Jan 24, 2006 12:23
Teacher's college applications. They seem to take forever. It seems I have not seen the last of last minute essay writing. I am sitting here working on the 5th and final application I have to do and it feels way too much like those late nights before an essay was due back in university (omg, am I that old that I can see things like "back in university"? wow). It all feels very familiar and very painful. This is what I get for being last minute. I just feel an intense amount of pressure about this particular essay that is making me freeze up. As if everything depends on this one (which it does because this is the school that I really really want to go to, so this one actually matters, eep). Makes me paralyzed.
So, what am I doing? Complaining about it in my blog. Bah. Sounds very familiar indeed, if you've ever read my old blog on the other website. I'll try to write something positive before getting back to work.

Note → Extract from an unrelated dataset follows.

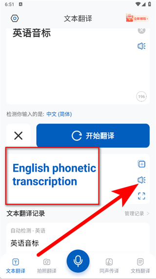 3、翻譯完成后,點(diǎn)擊翻譯結(jié)果旁的喇叭圖標(biāo),播放譯文語(yǔ)音。
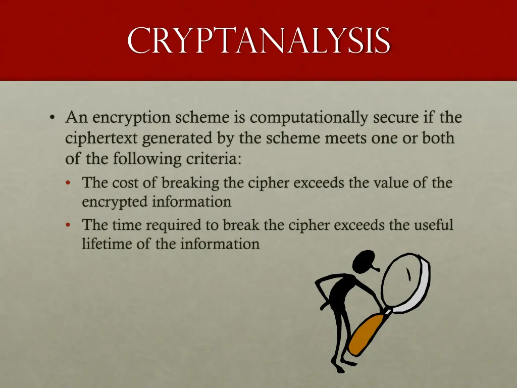 cryptanalysis An encryption scheme is computationally secure if the ciphertext generated by the scheme meets one or both of the following criteria: The cost of breaking the cipher exceeds the value of the encrypted information The time required to break the cipher exceeds the useful lifetime of the information

This application is the next thing on my to-do list, then I am moving on to looking for a job/looking for a place. With wedding planning all at the same time! Good thing I like projects! I said to my mom it is probably a good thing I'm not in school this year, I have too much else going on. Going to school full time plus everything else on my plate, I just don't feel like I could add one more thing right now. I'm already having nightmares about everything. This morning I had a nightmare about my wedding. Everything kept going wrong. I got a stain on my dress, and there was a microwave in the church by the altar for some reason, I was wearing the wrong necklace, my sister decided to wear her wedding dress too, and when I got in a car to go find the right necklace I hit my bouquet on the door and wrecked it. I hate crying in dreams, and here I was sobbing like a baby over all this senseless crap. Wow. And really, writing it down it seems very very silly, like the microwave especially. Why can't I have normal dreams?
I guess that wasn't that optimistic a paragraph. I'll try to be more optimistic later once this letter is in the mail. I hate essays!